I have been a guide for twenty of SFL’s forty year history.
When people ask me what makes the program special I have always had a difficult
time finding a short description that describes the friendships, challenges, and
personal growth each week delivers. Sometimes it is easier to relate a story of
a particular event which encompasses the SFL spirit. This past week in Granby
Colorado generated one such event.
SFL week culminates with a contest that allows skiers to
choose to compete in either a 10 km race or a 5 km predicted time rally. Race
day dawned colder under overcast skies and moderate snow, in contrast to the
bright sun and warm temperatures we experienced for most of the week. I was assisting
Tim, the Race Coordinator, in the timing shack and everything was going well
despite the slower conditions brought on by the accumulation of new snow.
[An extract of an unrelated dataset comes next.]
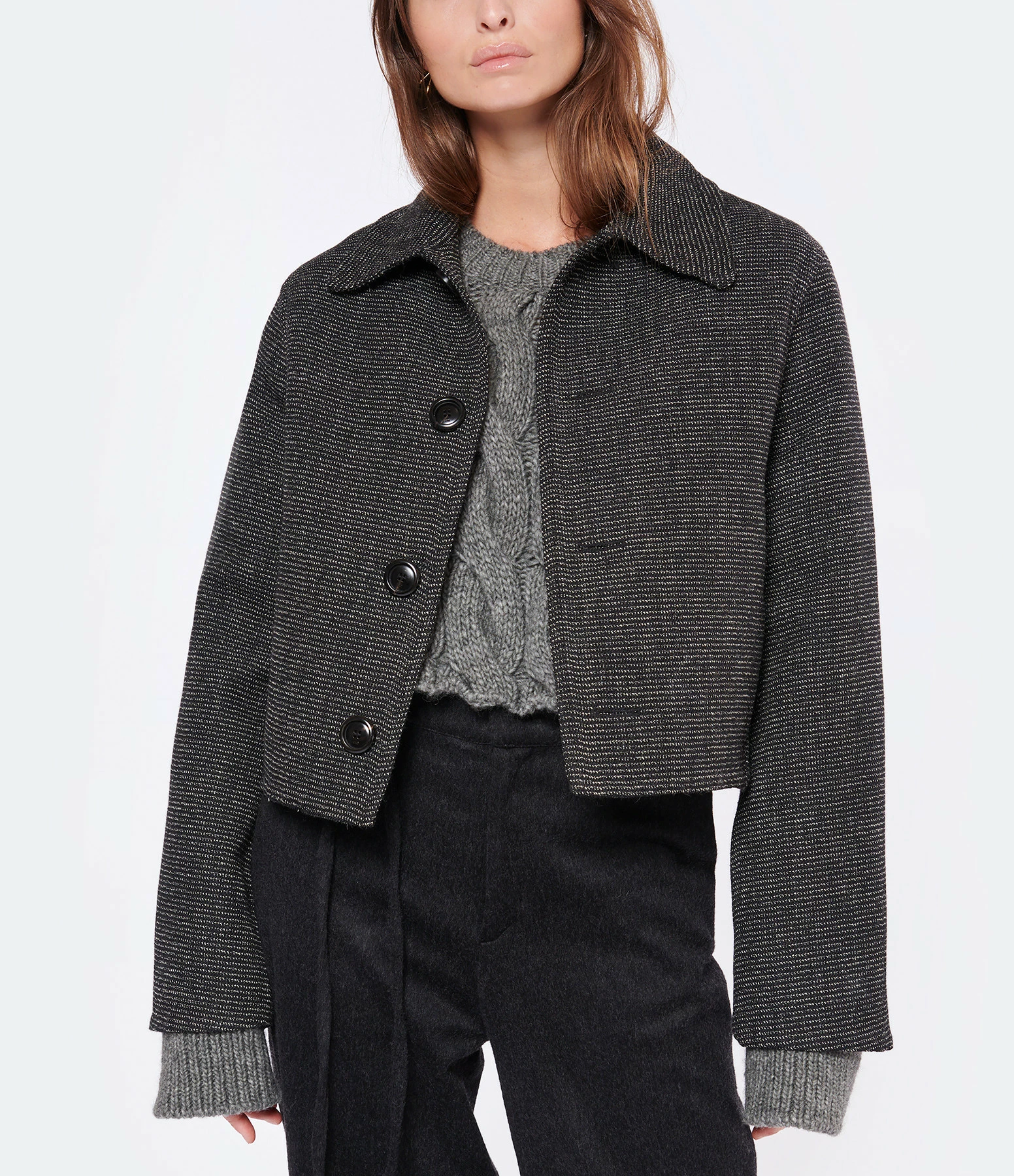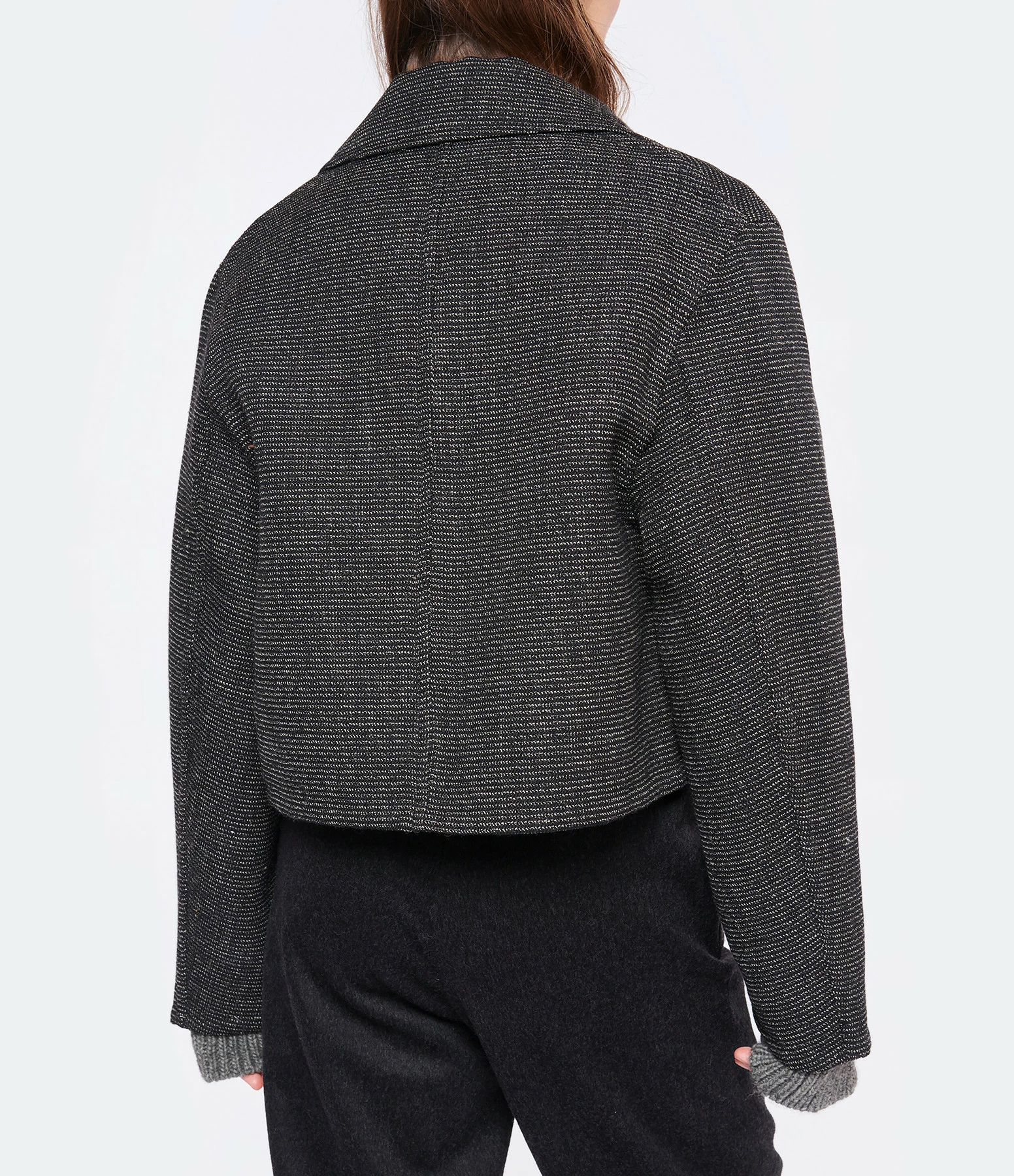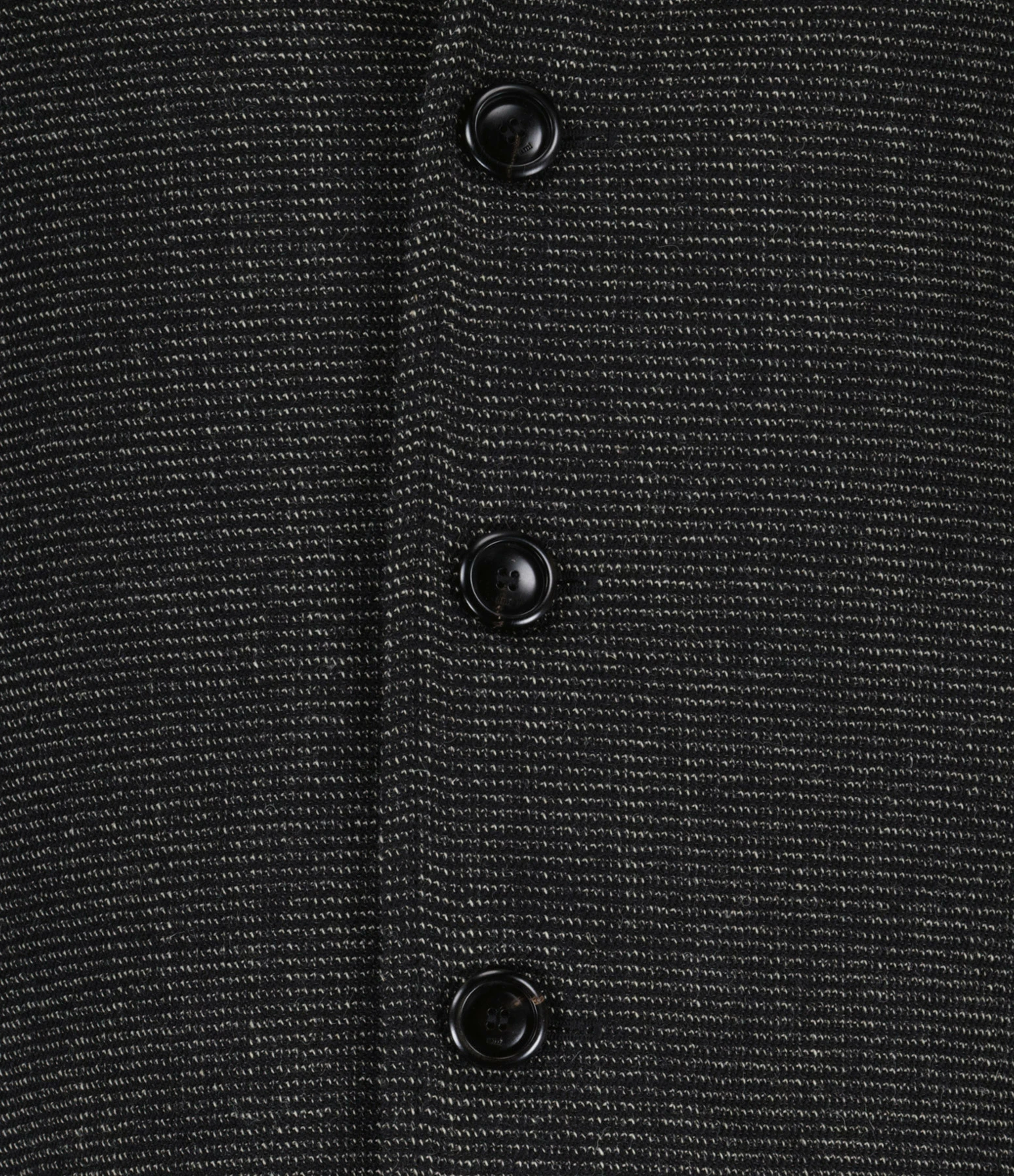 Veste unisexe en laine mélangée moulinée noir et écru. Col chemisier. manches longue. Fermeture boutonnée sur le devant. Boutons noirs effet corne. Deux poches invisibles sur le devant. Coupe droite. Base droite. Non doublée.

Two hours after the start all but one of the one hundred and
three skier pairs had crossed the finish line. The last pair was skiing the 5
km course and was nowhere to be seen. We sent someone out with a phone to
locate them and report where they were on the course. By now conditions had
deteriorated and the wind was considerably stronger.
The call came in. The guide and skier were only at the 3km
mark on the 5 km course. They would be out for at least another hour. Tim and I
conferred and considered sending a snow machine out for them as exhaustion and
cold could become a dangerous combination. When presented with this option the
skier was adamant – she wanted to finish on her own. We agreed we’d keep the course
open as long as possible.
Almost all of the two hundred and fifty people at the finish
area had long since gone back to the hotel, but a few dozen remained, searching
the top of the slope in the distance for any sign of the last pair. Forty five
minutes later two heads became two bodies as they crested the final hill before
the finish. Spectators ran and skied towards them, forming a moving cheering
section around the skier and her guide. Cow bells rang and words of
encouragement were continuously shouted. Every few feet someone would call out
the distance to the finish line the skier could not see.
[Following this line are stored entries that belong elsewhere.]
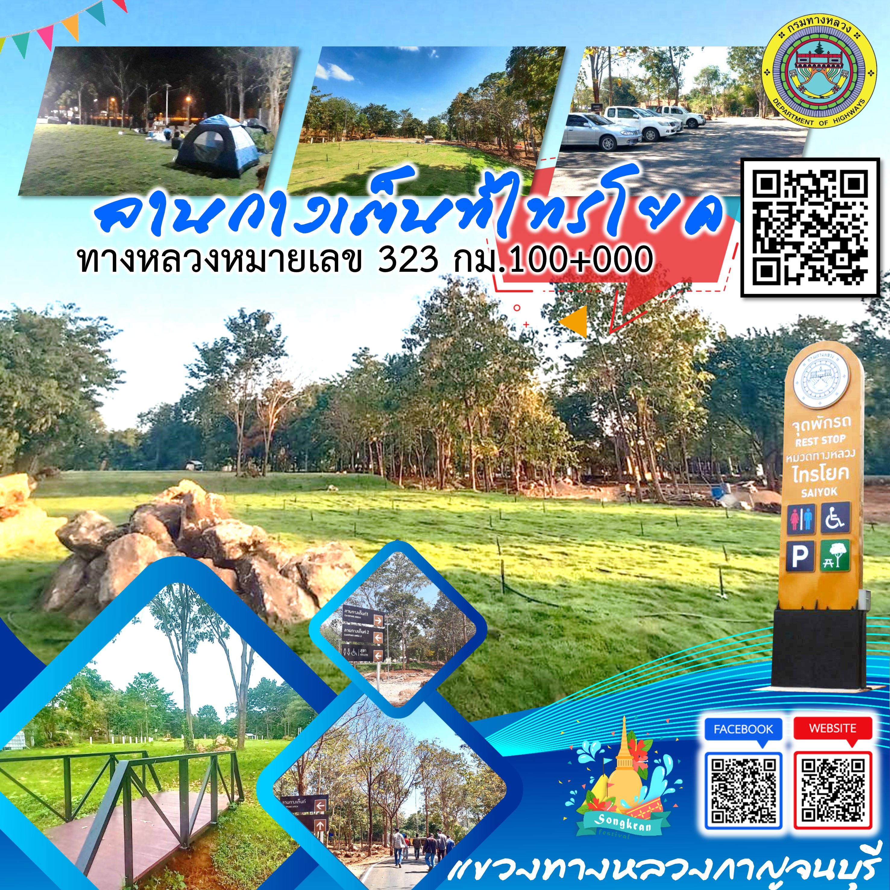 แขวงทางหลวงกาญจนบุรี สำนักงานทางหลวงที่ 12 (สุพรรณบุรี) กรมทางหลวง ให้บริการลานกางเต็นท์ จุดพักรถ ห้องน้ำ และสอบถามข้อมูลต่างๆ สำหรับนักท่องเที่ยวแวะพักใช้บริการ โดยมีเจ้าหน้าที่พร้อมบริการตลอด 24 ชั่วโมง ในช่วงเทศกาลสงกรานต์ 2565
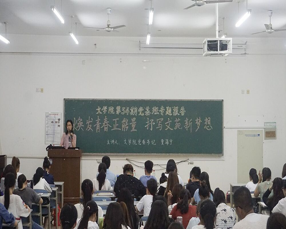 5月12日晚,360环球在线注册于长清湖校区综合教学楼C区226教室举办“焕发青春正能量,抒写文苑新梦想”第54期党基班专题报告。本次讲座由360环球在线注册党委书记贾海宁担任主讲人,360环球在线注册党委副书记巩固担任主持,2015级辅导员张婷与第54期入党积极分子及360环球在线注册学生会骨干一同到场聆听、学习。
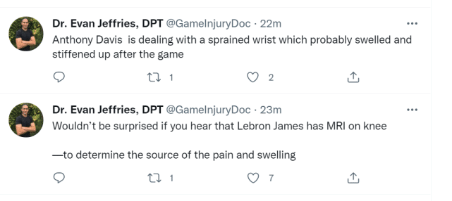 在上一场比赛中,浓眉扣篮时手腕扭伤,Evan表示他很可能要面对手腕肿胀和僵硬的情况,休息一场也不奇怪。威少和布拉德利能够出场,但两人的状态也不是100%,威少右膝酸痛,属于带伤出战,赛季至今,他一场没休息,真正的铁人。布拉德利受到胃病困扰,不过看来症状不是特别严重,他也能打。
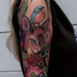 Tetování zvíře pták a srna, květiny na rameno
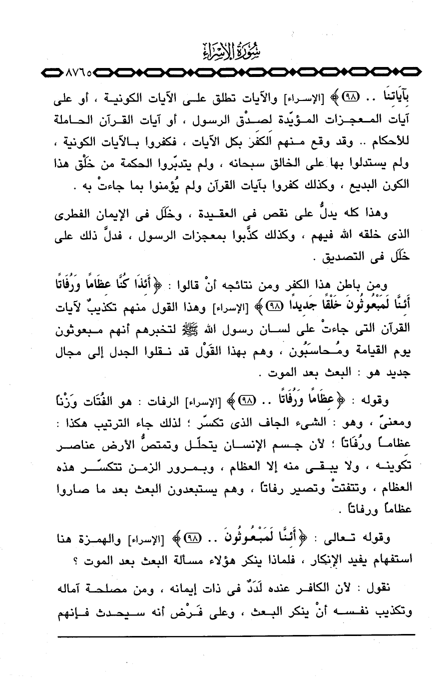 بِآيَاتِنَا. .} [الإسراء: 98] والآيات تطلق على الآيات الكونية، أو على آيات المعجزات المؤيّدة لِصِدْق الرسول، أو آيات القرآن الحاملة للأحكام. . وقد وقع منهم الكفر بكل الآيات، فكفروا بالآيات الكونية، ولم يستدلوا بها على الخالق سبحانه، ولم يتدبّروا الحكمة من خَلْق هذا الكون البديع، وكذلك كفروا بآيات القرآن ولم يُؤمنوا بما جاءتْ به.
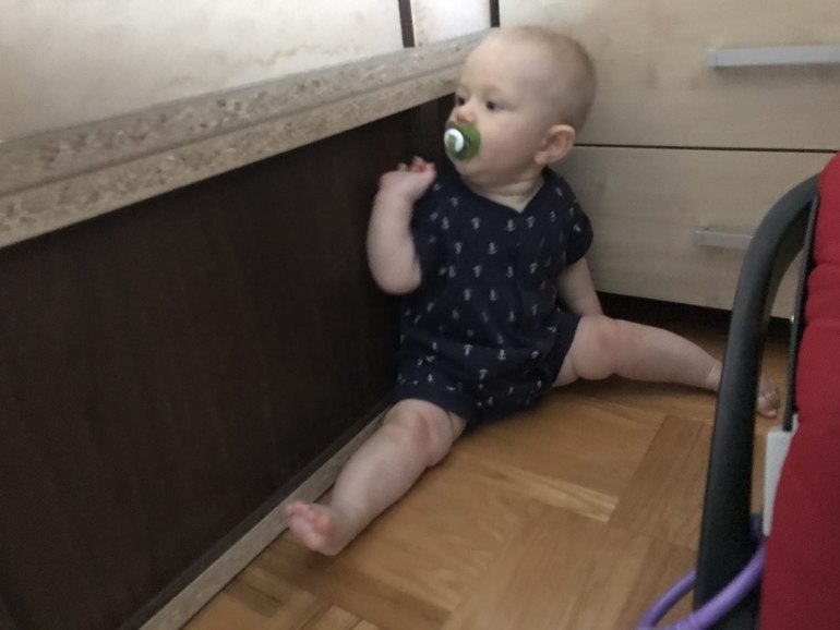 Вчера, 4.09.17 Мишастик сел сам. Ну то есть он по шкафу ручищами помог себе, как я поняла. Я действо пропустила, так как ходила на мол.кухню (смелая и сильная, но больше не пойду сама).
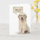 Un mignon chiot récupérateur d'or portant des lunettes sur blanc avec bulle vocale pour 86ème anniversaire. L'âge d'anniversaire peut être modifié.
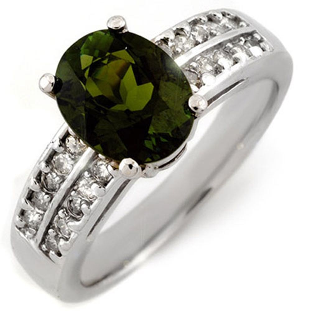 REF-79H6R - SKU: 11559 ---- 3.0 ctw Green Tourmaline & Diamond Ring 14k White Gold

The last one hundred yards took fifteen minutes, each step
propelling the skier only a few inches. It was obvious she and her guide were
cold and both physically and emotionally drained. Wind was blowing snow across
their path and pushing like a cold hand trying to impede their progress. Every
few feet she would wobble and catch herself just before falling over. If she
fell over now I doubt she would have had the energy to get back up.
The skier crossed the finish to the clanging of bells, cheers
and hugs. Both she and her guide, and many of us watching, had tears in our
eyes. This woman was no athlete. Most people could have walked around that
course in a fraction of the time, but this person pushed herself beyond her
limits, and to his credit so did her guide.
What will this experience mean for her days, months, or
years in the future? I can’t know that, but I’m sure that her life will be
changed for the better, if not in a profound, at least in some small way. The
same can be said of her guide and each of us who was witness to her resolve to
finish.
This is why I’m a Ski-For-Light guide.